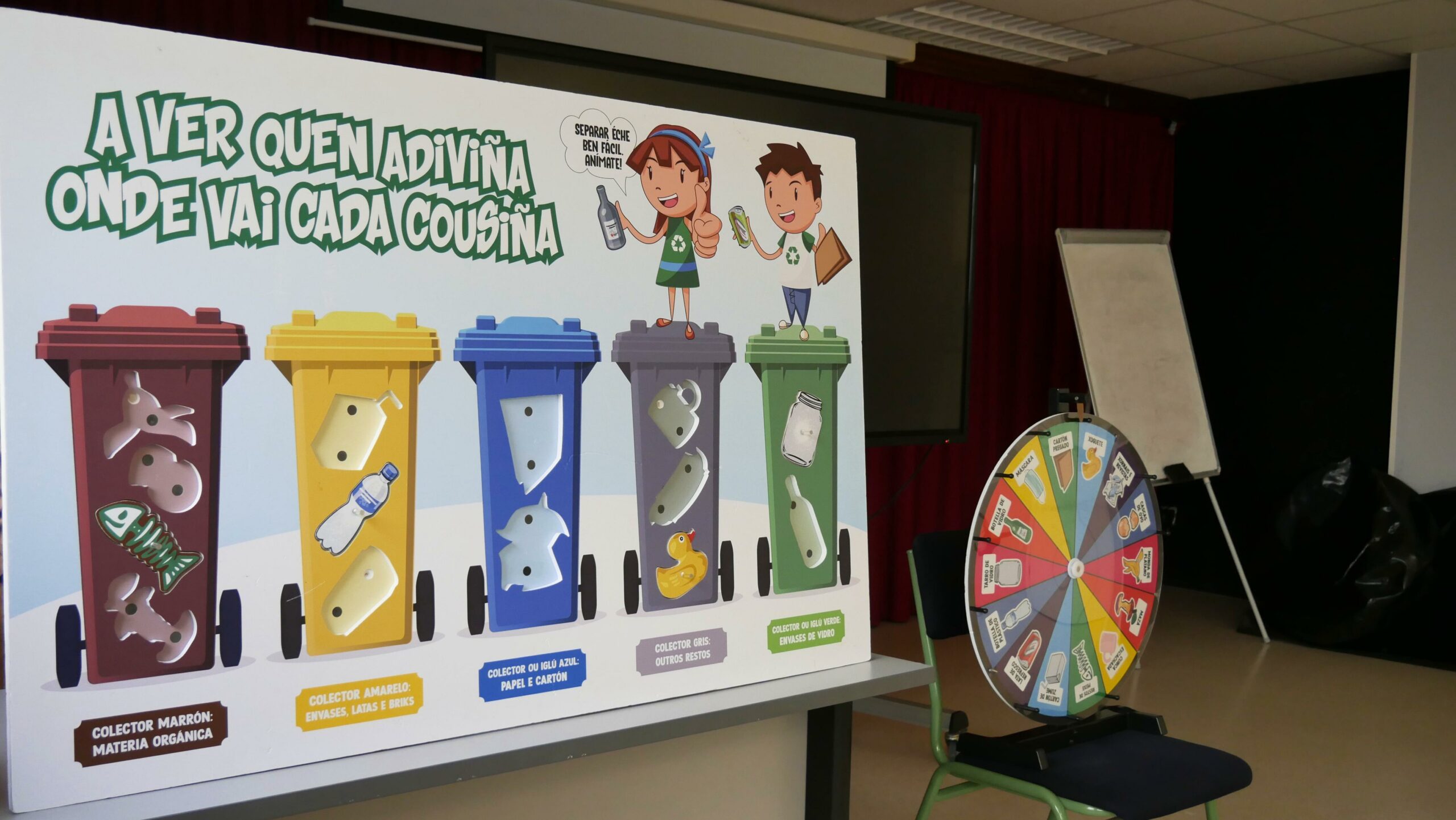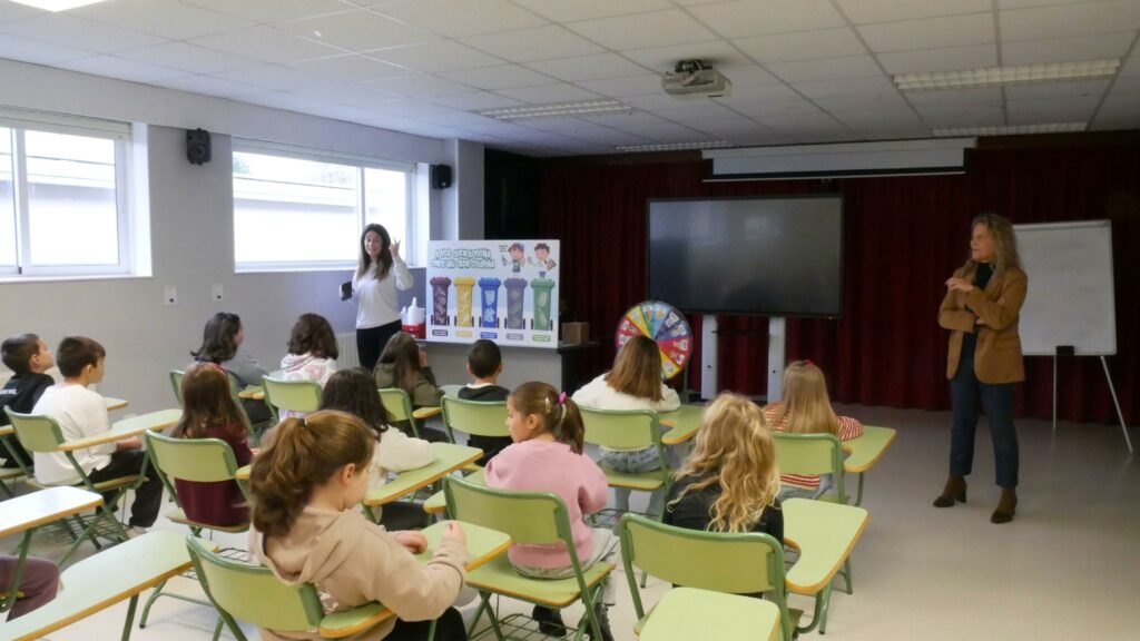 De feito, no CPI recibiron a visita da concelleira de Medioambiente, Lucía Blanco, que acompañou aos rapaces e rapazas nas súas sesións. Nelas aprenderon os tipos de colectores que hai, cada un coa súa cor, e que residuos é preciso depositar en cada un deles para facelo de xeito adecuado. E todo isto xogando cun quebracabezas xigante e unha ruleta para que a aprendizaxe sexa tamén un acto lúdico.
+-------+
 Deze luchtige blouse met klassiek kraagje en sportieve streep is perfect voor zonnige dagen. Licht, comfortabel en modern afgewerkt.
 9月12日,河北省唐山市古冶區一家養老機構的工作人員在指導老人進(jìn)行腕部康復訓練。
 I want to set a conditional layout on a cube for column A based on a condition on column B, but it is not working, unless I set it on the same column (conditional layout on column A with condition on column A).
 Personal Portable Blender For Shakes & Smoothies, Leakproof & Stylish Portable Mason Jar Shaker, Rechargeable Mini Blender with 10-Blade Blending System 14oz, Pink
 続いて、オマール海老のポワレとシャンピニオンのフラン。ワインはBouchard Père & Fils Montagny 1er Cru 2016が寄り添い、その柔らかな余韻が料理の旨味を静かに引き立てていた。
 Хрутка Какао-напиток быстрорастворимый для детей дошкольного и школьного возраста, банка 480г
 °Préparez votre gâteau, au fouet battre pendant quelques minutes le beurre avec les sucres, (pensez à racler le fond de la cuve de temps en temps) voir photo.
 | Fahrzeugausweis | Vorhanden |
+-------+
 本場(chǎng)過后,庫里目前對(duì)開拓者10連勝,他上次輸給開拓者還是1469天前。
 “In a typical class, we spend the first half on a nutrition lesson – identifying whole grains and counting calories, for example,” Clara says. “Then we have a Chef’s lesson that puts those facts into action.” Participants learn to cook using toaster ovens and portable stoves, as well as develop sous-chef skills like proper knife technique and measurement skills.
+-------+
From the listing above, the lines starting with the one that has "本場(chǎng)過后,庫里" and running through the one that has "and measurement skills." should be copied exactly, ends included.

 本場(chǎng)過后,庫里目前對(duì)開拓者10連勝,他上次輸給開拓者還是1469天前。
 “In a typical class, we spend the first half on a nutrition lesson – identifying whole grains and counting calories, for example,” Clara says. “Then we have a Chef’s lesson that puts those facts into action.” Participants learn to cook using toaster ovens and portable stoves, as well as develop sous-chef skills like proper knife technique and measurement skills.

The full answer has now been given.